What to do:
Your task is to restate word for word the lines in the material below, from the one with "100 Fls BRW" up to and including the one with "化妆品代工行业上游主要包括天". Do not carry over the pictures.

________

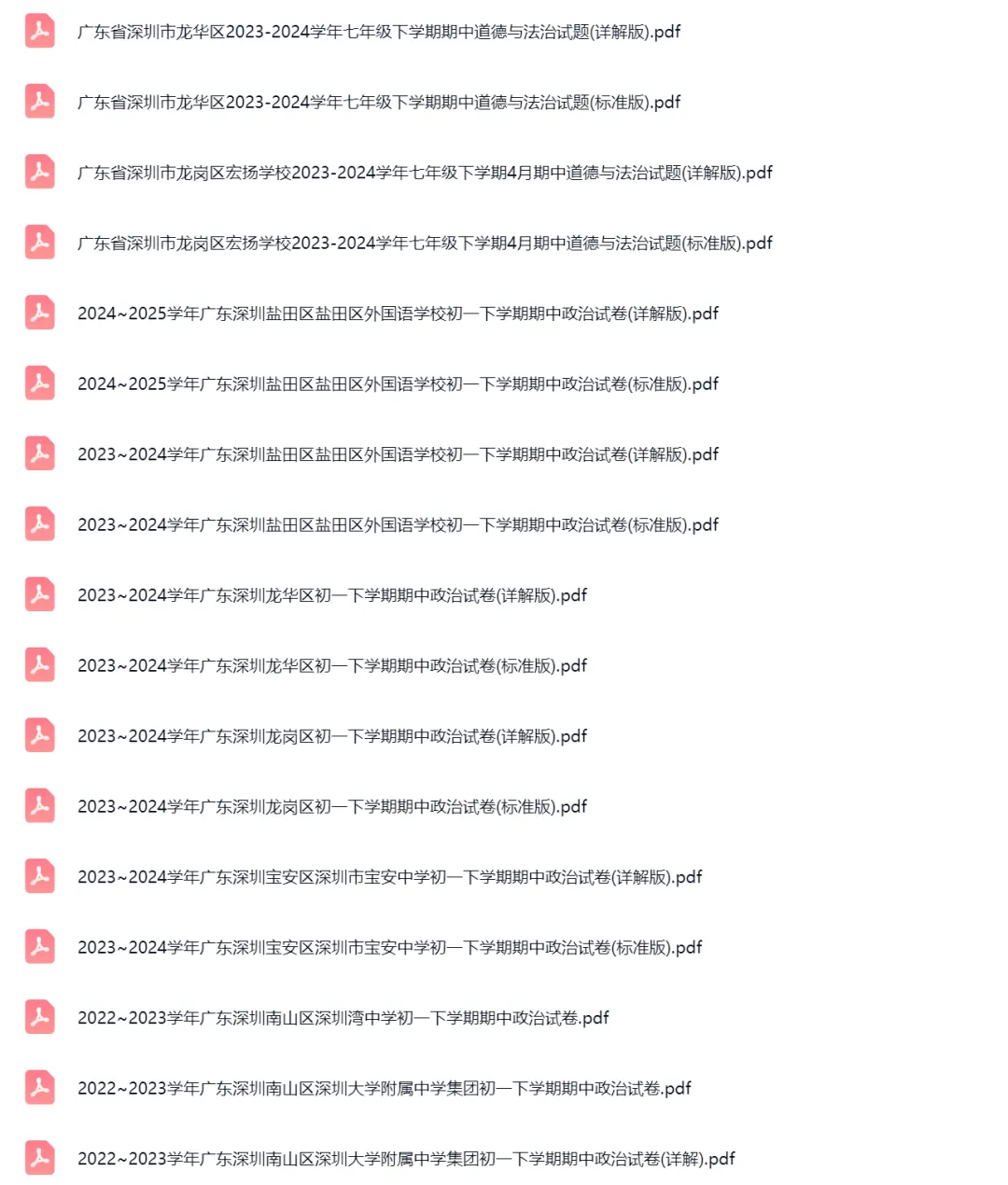 >31套2018-2025年广东深圳初一下学期期中政治试卷及答案解析
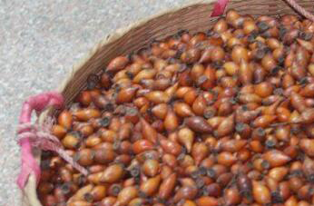 2、把采摘以后的金樱子去掉表面的刺儿,然后用清水把它洗净,再用刀把它切成两半,去掉中间的籽儿,放到阳光下晒干备用。如果没有条件自己去采摘金樱子,则可以去药材市场购买那些高质量的金樱子。
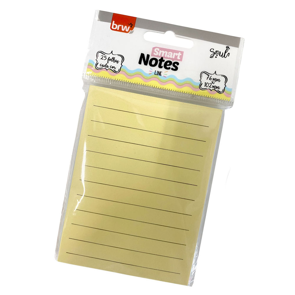 “Bloco Adesivo Tons Pastéis Pautado 76 x 102mm C/ 100 Fls BRW
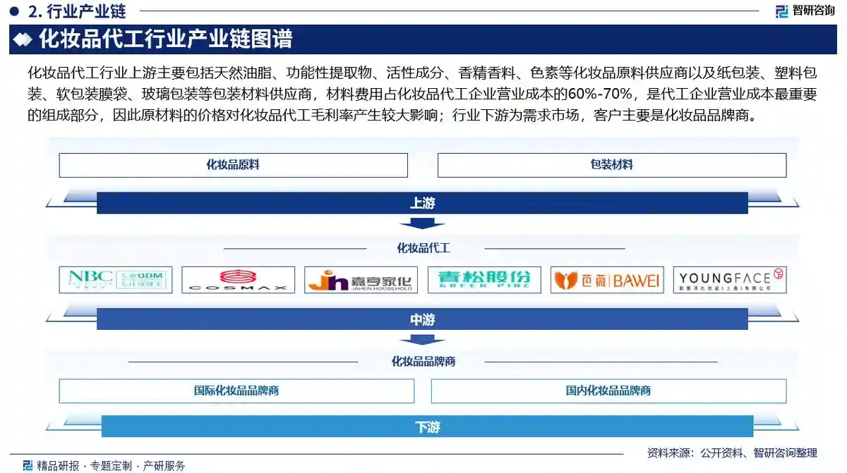 化妆品代工行业上游主要包括天然油脂、功能性提取物、活性成分、香精香料、色素等化妆品原料供应商以及纸包装、塑料包装、软包装膜袋、玻璃包装等包装材料供应商,材料费用占化妆品代工企业营业成本的60%-70%,是代工企业营业成本最重要的组成部分,因此原材料的价格对化妆品代工毛利率产生较大影响;行业下游为需求市场,客户主要是化妆品品牌商。
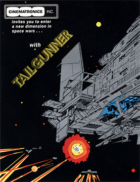 Tail Gunner is a monochrome vector arcade game created by Vectorbeam in 1979. The premise of the game is that the player is the tailgunner of a large space ship. Enemy spacecraft attack the vessel in groups of three, and the player must aim a set of crosshairs and shoot the enemies before they slip past the player’s cannons. Because of the game’s viewpoint, instead of appearing to fly into the starfield, the stars move toward the left and center of the screen.[2]

________

Task result:
 “Bloco Adesivo Tons Pastéis Pautado 76 x 102mm C/ 100 Fls BRW
 化妆品代工行业上游主要包括天然油脂、功能性提取物、活性成分、香精香料、色素等化妆品原料供应商以及纸包装、塑料包装、软包装膜袋、玻璃包装等包装材料供应商,材料费用占化妆品代工企业营业成本的60%-70%,是代工企业营业成本最重要的组成部分,因此原材料的价格对化妆品代工毛利率产生较大影响;行业下游为需求市场,客户主要是化妆品品牌商。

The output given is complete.